● **Work instruction**
For this exercise, retype the lines from the one that holds "كما تحتاج إلى" through the one that holds "a way of transporting" in the records below, both included, exactly and without pictures.

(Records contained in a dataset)
/---

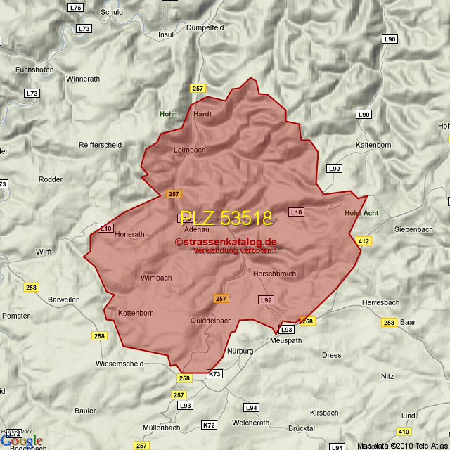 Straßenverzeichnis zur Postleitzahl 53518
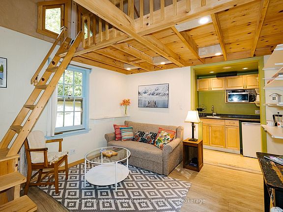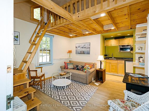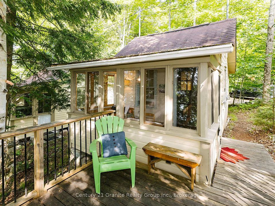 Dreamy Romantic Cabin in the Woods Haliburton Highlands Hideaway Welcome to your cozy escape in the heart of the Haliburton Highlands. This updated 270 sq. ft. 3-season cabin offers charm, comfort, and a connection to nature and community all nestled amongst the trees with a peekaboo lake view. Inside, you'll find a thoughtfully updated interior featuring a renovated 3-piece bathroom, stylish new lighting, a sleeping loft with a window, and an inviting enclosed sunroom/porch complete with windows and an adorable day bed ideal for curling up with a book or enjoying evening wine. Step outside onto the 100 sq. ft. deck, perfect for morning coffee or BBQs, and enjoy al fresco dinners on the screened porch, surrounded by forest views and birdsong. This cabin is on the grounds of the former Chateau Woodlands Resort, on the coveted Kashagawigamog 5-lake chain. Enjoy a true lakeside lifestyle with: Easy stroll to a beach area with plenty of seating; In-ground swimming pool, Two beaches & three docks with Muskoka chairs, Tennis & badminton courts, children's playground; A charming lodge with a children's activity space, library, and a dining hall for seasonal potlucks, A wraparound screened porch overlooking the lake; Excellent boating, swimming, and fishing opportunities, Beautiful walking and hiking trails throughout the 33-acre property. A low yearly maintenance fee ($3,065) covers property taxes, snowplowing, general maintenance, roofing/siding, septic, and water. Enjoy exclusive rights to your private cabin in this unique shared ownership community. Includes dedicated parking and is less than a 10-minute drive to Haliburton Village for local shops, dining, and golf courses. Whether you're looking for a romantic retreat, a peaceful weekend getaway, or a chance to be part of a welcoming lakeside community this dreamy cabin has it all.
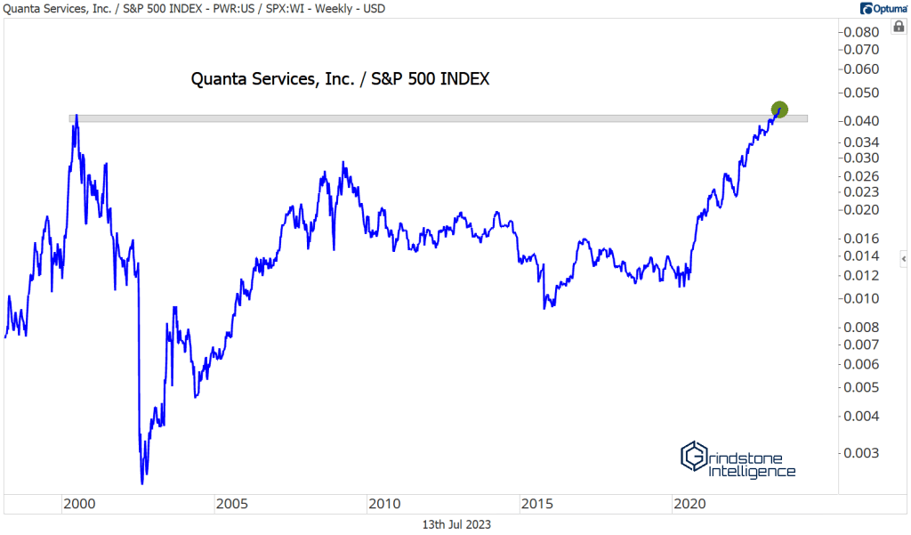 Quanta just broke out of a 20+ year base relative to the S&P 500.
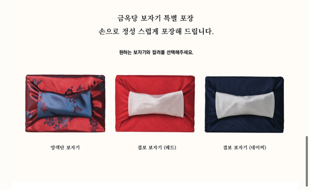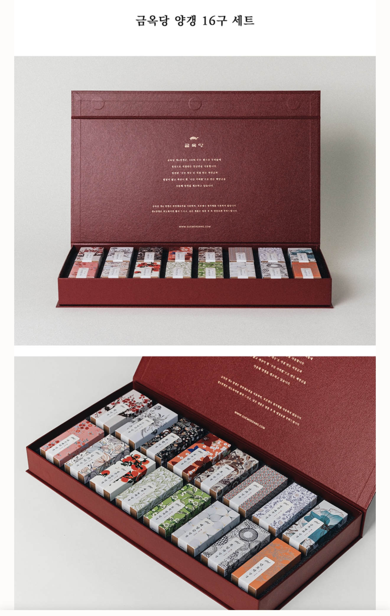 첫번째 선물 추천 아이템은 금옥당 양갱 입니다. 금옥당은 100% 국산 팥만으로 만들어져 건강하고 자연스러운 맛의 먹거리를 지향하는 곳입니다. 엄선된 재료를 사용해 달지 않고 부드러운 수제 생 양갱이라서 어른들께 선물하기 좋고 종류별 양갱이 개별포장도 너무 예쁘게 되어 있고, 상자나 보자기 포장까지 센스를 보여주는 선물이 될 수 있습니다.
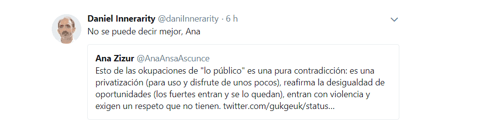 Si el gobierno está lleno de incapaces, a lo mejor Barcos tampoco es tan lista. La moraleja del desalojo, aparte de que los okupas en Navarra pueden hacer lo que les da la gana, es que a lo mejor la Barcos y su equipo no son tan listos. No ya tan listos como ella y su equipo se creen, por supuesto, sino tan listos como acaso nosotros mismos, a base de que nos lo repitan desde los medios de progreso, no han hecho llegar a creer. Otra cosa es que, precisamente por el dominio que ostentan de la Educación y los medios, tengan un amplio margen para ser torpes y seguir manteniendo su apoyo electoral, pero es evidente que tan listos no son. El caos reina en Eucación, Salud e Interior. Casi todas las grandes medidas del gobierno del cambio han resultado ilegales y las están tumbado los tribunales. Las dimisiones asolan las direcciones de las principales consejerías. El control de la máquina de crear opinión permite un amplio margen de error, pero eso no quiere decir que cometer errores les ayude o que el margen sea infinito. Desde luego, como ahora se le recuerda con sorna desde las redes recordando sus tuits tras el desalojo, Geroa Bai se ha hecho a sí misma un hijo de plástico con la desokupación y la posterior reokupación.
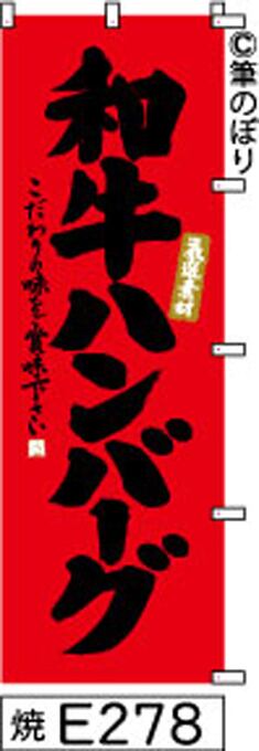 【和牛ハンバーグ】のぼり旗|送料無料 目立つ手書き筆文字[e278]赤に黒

\---
/---

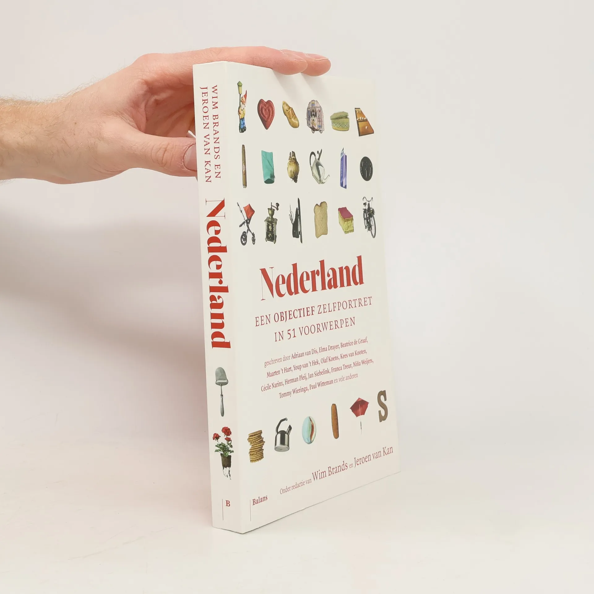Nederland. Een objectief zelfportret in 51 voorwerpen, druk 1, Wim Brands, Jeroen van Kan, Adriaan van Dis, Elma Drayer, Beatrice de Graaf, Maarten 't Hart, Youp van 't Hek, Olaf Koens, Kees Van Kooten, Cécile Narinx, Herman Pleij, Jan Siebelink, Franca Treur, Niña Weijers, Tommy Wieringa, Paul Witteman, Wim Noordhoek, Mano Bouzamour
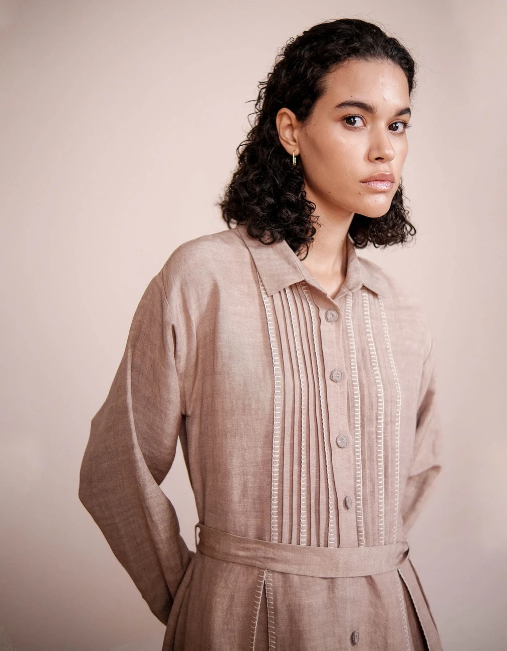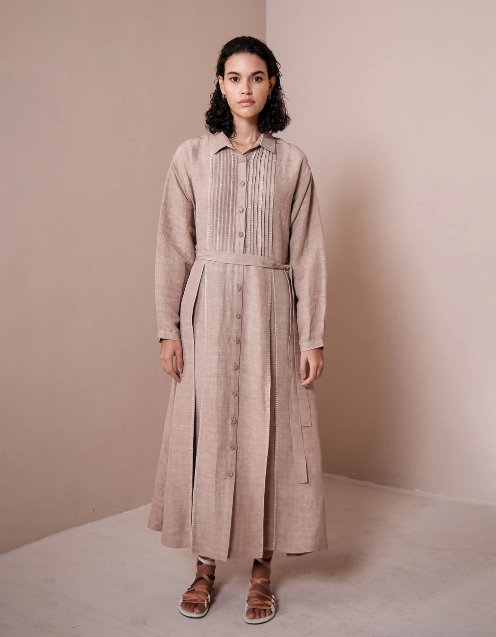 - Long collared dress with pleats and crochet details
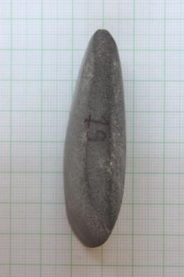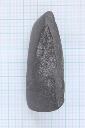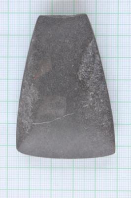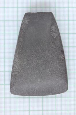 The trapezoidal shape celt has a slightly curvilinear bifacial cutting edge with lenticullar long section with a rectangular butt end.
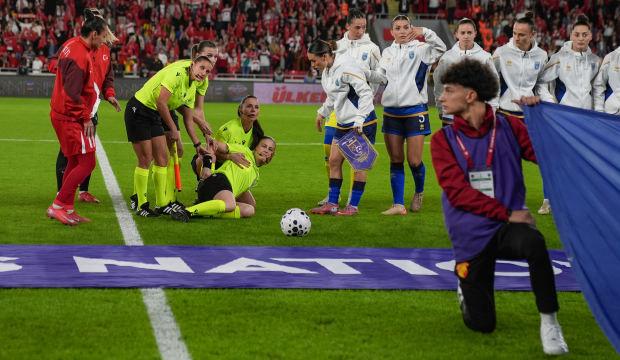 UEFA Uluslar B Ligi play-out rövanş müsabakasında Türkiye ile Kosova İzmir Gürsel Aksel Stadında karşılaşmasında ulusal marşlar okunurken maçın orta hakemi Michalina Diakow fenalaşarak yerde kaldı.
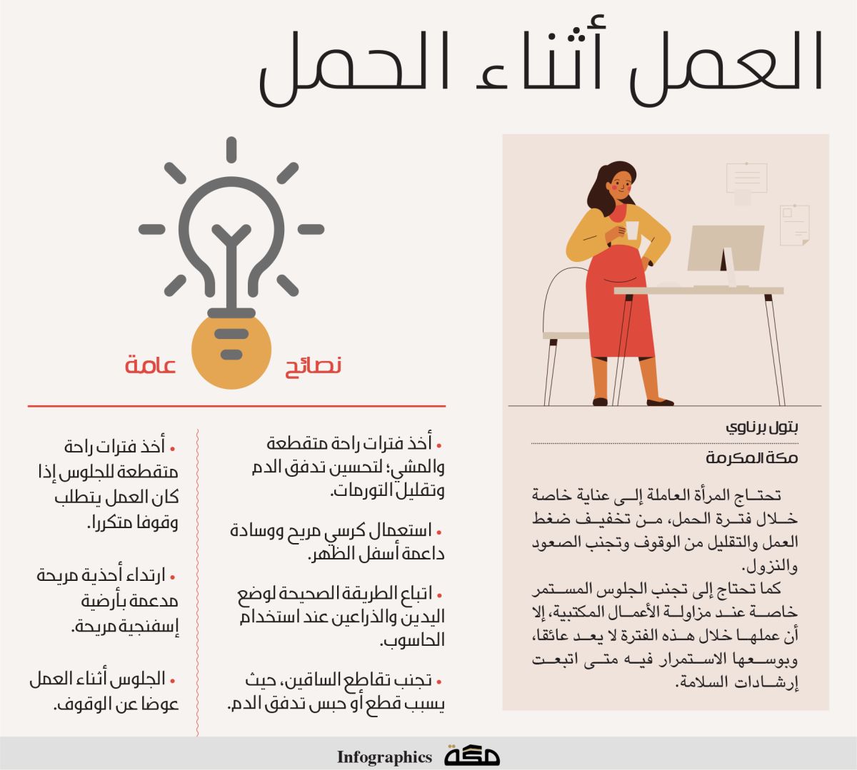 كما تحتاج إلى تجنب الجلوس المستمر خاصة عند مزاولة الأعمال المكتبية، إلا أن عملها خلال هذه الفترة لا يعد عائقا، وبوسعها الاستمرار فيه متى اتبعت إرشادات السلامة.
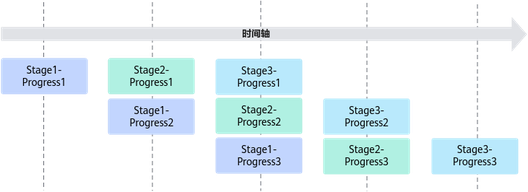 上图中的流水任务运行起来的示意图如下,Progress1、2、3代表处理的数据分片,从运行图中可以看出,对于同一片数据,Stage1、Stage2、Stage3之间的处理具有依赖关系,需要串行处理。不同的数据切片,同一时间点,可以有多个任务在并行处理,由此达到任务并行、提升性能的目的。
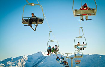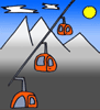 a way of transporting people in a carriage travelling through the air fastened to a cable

\---

● **Finished exercise**
 كما تحتاج إلى تجنب الجلوس المستمر خاصة عند مزاولة الأعمال المكتبية، إلا أن عملها خلال هذه الفترة لا يعد عائقا، وبوسعها الاستمرار فيه متى اتبعت إرشادات السلامة.
 上图中的流水任务运行起来的示意图如下,Progress1、2、3代表处理的数据分片,从运行图中可以看出,对于同一片数据,Stage1、Stage2、Stage3之间的处理具有依赖关系,需要串行处理。不同的数据切片,同一时间点,可以有多个任务在并行处理,由此达到任务并行、提升性能的目的。
 a way of transporting people in a carriage travelling through the air fastened to a cable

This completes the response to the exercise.